Nakuma gets excited when he talks about linguistics, a field he finds “fascinating.” He likes to share examples of language differences, especially with students: “I am hungry [in English] becomes I have hunger [in Spanish and French].” Why is that? It’s because languages reflect how people think. “When you study a language, you have reached out in the deepest way to another culture,” he said. “It’s an opportunity to get into someone else’s mindset, the thing that matters most to them, which is their language.”
Around the World and Back
In pursuit of his education, Nakuma has traveled from Ghana to France and France to Canada (Nova Scotia to be precise). Then he moved to the United States, where he taught at Clemson University in South Carolina and the University of Tennessee in Knoxville. Most recently, he moved from the U.S. South to the American West—areas that have very different ways of speaking, albeit the same language.
Throughout all of his travels, Nakuma has listened to people speak and paid attention to how their languages reflect their worldviews. “My world travels and my encountering the different ways in which different cultures around the world represent their worlds to themselves and to others has made me a less judgmental person, because those differences do not convey any cross-cultural hierarchy of values.

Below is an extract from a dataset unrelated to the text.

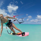 A young woman in a red bikini joyfully kite surfing in turquoise waters, holding her equipment high against a bright blue sky with a few fluffy clouds, capturing a moment of adventure.

They are simply different ways of being and perceiving,” he said.
Nakuma’s expeditions have made him value diversity, equity, and inclusion. “Our humanity is the same in essence everywhere, despite societal attempts to overlay constructed value systems on it to discriminate against one another based on place, social pretenses, labels we strap upon ourselves to appear different or ‘important,’ and such gimmicks,” he said.
Nakuma’s Goals as Provost
The overarching vision of Chancellor Michelle Marks’ 2030 Strategic Plan is for CU Denver “to make education work for all.” This is something Nakuma truly believes in. As provost, the first of his three main goals is “to support and guide achievement of the collective vision articulated in the strategic plan,” he said. Education, in his view, should serve students who are diverse in language, race, ethnicity, ability, religion, and age.
Another goal of Nakuma’s is to support the strategic goal to “become known as a university for life.” As someone who believes learning is for people of all ages, he’d like for CU Denver “to re-envision higher education as a lifelong learning endeavor.” In fact, Nakuma believes learning can lead to a desire for more learning: “Learning is the recognition that learning never stops—and that one is never too old or too knowledgeable to learn new things.”
Nakuma’s third goal as part of the Lynx leadership team relates to people. “I want to do my best to focus CU Denver on the fundamental value of uplifting and treating people right,” he said. This goal is delineated in the strategic plan as well: “Be known as a people-centered ‘Best Place to Work.’”
“CU Denver is already known for being a welcoming institution to different types of learners of a broad range of ages and social levels,” Nakuma said. The key is to continue broadening the university’s tools for promoting educational access: “We need to introduce more flexibility in how we deliver instruction to learners, and improve access to learning by finding ways to reduce cost to the learner and diversifying our offerings to meet learner needs.”